### What is required
Only the pictures are to be left out; return the rest of the data exactly as it stands.

--------

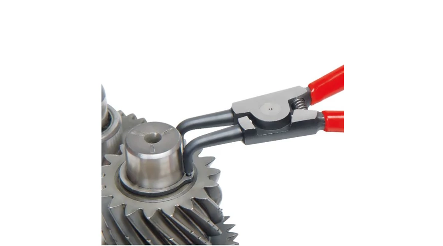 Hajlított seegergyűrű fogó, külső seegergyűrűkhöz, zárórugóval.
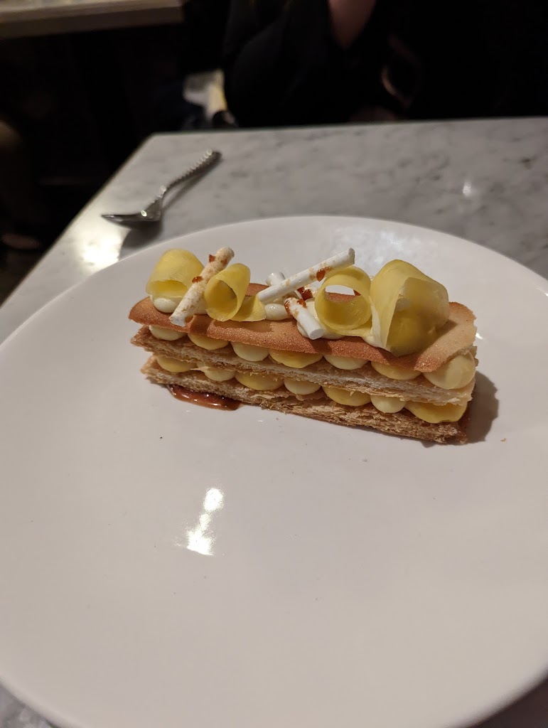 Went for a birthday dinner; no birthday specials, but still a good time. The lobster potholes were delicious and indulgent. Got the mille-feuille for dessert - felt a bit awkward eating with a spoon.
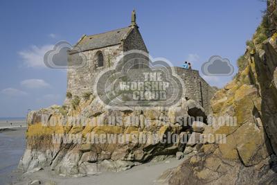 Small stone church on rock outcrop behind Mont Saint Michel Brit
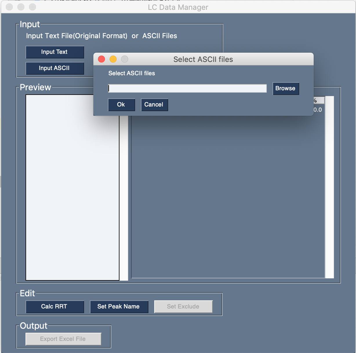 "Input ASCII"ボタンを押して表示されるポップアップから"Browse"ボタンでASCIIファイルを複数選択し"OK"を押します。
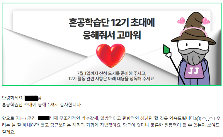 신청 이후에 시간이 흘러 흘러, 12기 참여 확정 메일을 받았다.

--------

### Output of the task
 Hajlított seegergyűrű fogó, külső seegergyűrűkhöz, zárórugóval.
 Went for a birthday dinner; no birthday specials, but still a good time. The lobster potholes were delicious and indulgent. Got the mille-feuille for dessert - felt a bit awkward eating with a spoon.
 Small stone church on rock outcrop behind Mont Saint Michel Brit
 "Input ASCII"ボタンを押して表示されるポップアップから"Browse"ボタンでASCIIファイルを複数選択し"OK"を押します。
 신청 이후에 시간이 흘러 흘러, 12기 참여 확정 메일을 받았다.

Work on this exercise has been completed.